どうしてそっちに傾いてしまうのか、いくら歯がゆくやるせなく思ってもどうしようもできない…
自己決定権みたいなもの、己の存在を己が許すところに辿り着けるかどうかという話になると、本当に外からは手の施しようがなくて、
だけどだからといって手を離していいわけではなくて…
これを描こうと思い、実際に最後まで丹念に描き切った萩尾先生の凄まじい胆力にただひれ伏したい気持ち。
かげきしょうじょ!!/斉木久美子
マブから数年来「面白いから!!頼むから読んで!!!」と言われ続けていた漫画。(私が勧められるのが苦手な人間であることを知っているゆえ「あんまりしつこく言うと読んでくれなくなるかなと思って、途中から言わなくなった」とまで言われて笑ってしまった。すまん…笑)
面白すぎて打ちのめされて心象風景として床に伸びました。なんて面白いんだ。
自分が宝塚を好きになって以降に読んだ、というのはあんまり関係がないレベルでひたすらに楽しい。ただただ青春のきらめき、スポ根的な正統派の「努力友情勝利!」って感じである。
主人公・さらさにつきまとう、抗えない宿命のようなもの、級友や幼馴染との関係性の間に確固たる存在感を持って横たわる「才能」という問題。
わたしは!天才が天才ゆえに背負う孤独が!本当に好きなんだ!!!と読みながら叫びそうになった。
掲載誌が途中で変更になったゆえ、移動前のお話は「1巻」ではなく「シーズンゼロ上下巻」なのでご注意くださいね!
これから読む人はシーズンゼロからどうぞ!
これもKindle Unlimitedでシーズンゼロと3巻あたりかな?まで読めた時期があって、そこから全巻まとめ買いしました。
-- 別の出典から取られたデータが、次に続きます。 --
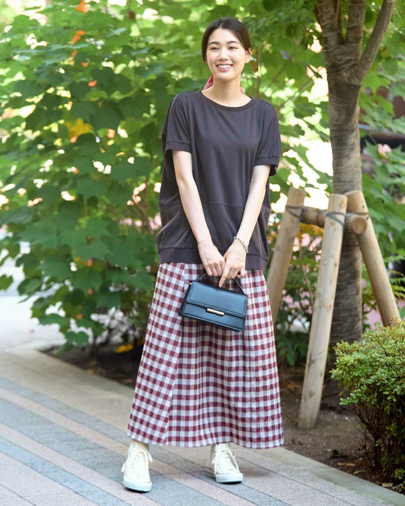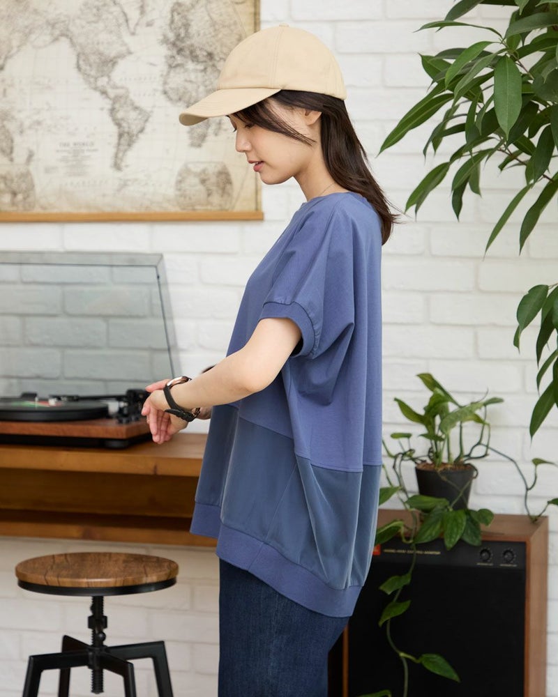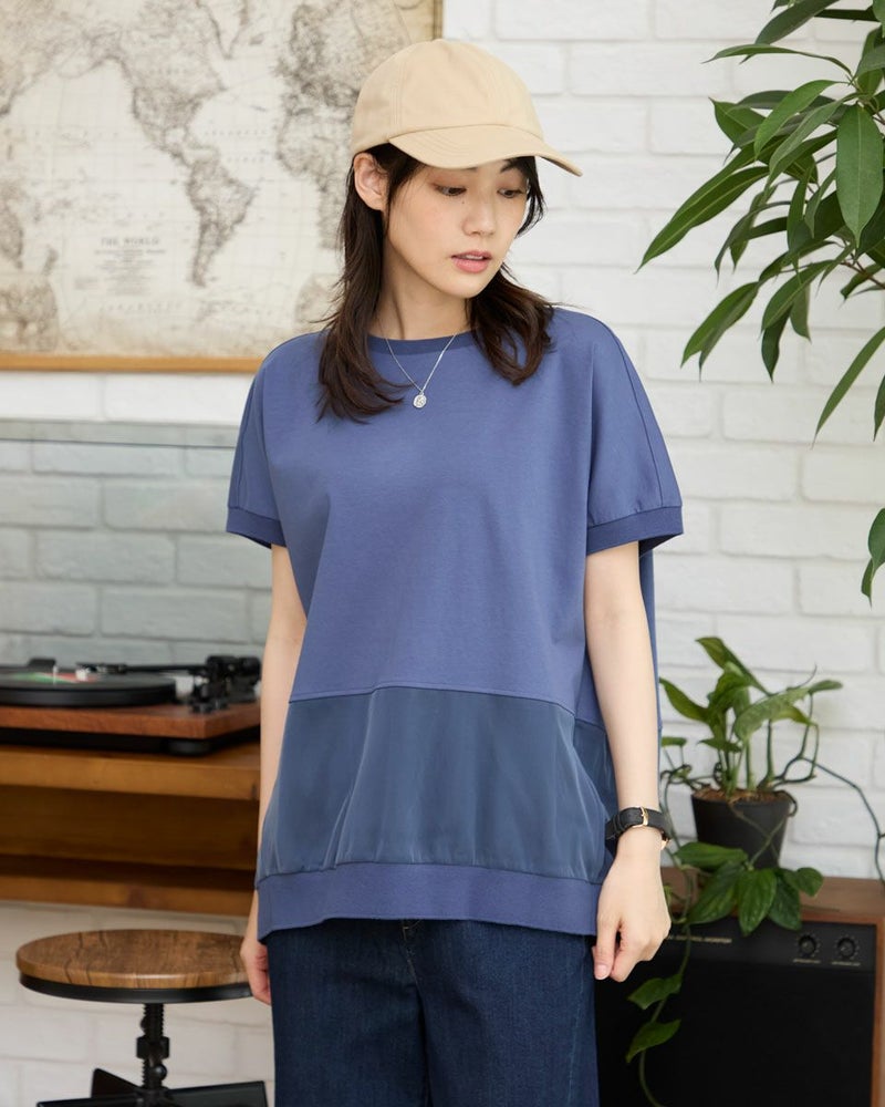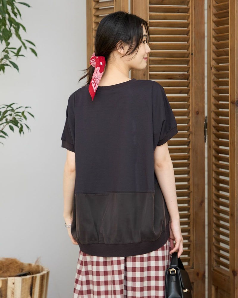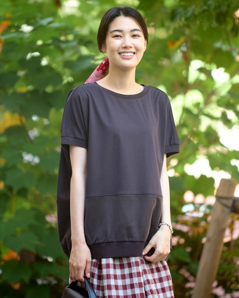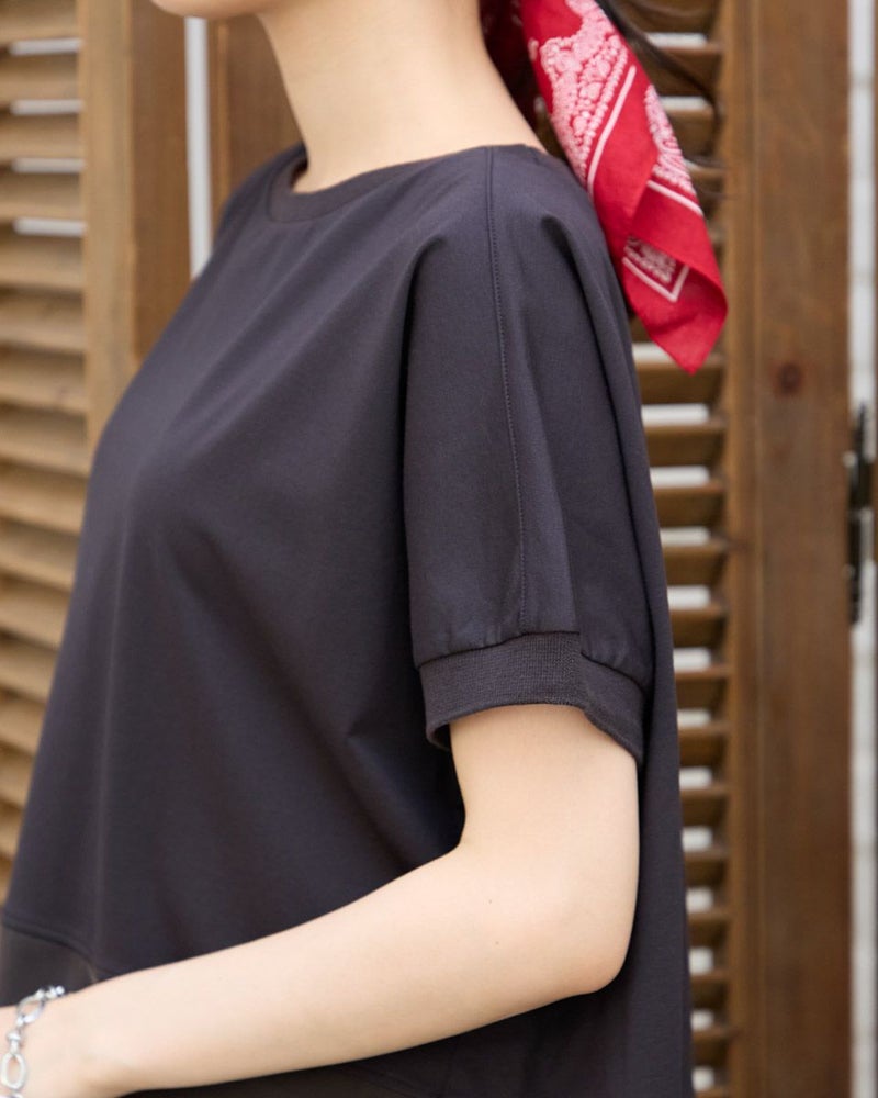 キレイめなポンチを使用した丈長めのトップスです。裾周りにチュールを切り替えてポイントをつけました。ゆったりシルエットと二の腕が隠れる袖丈で、1枚でスタイリングが決まるトップスです。 モデル身長: 166 cm 着用サイズ: M サイズ Golden Bear WOMEN カットソー (WOMEN) 【着用アイテム】467R7313 チェックシャツ 468R6760 チェックスカート

関係性を描くのがうますぎて天才か!?になってしまった。
運動会の星さまのコマで「ヒッ」と声が出てしまったので、わたしは本当にそういうやつです。
*
5000字超えてしまってきりがないのでこのあたりで打ち止め!
他に鬼滅の刃一気読みとかもしてるんだけど!
こういうことがやりたいならもっと定期的にまとめるべきだよね~。でも年内に書きたかったので満足しました。
これでも2020年よりは色々読めた。
インプットとしての読書量がものすごく減ってしまったことに危機感があるので、引き続き増やしていきたいな。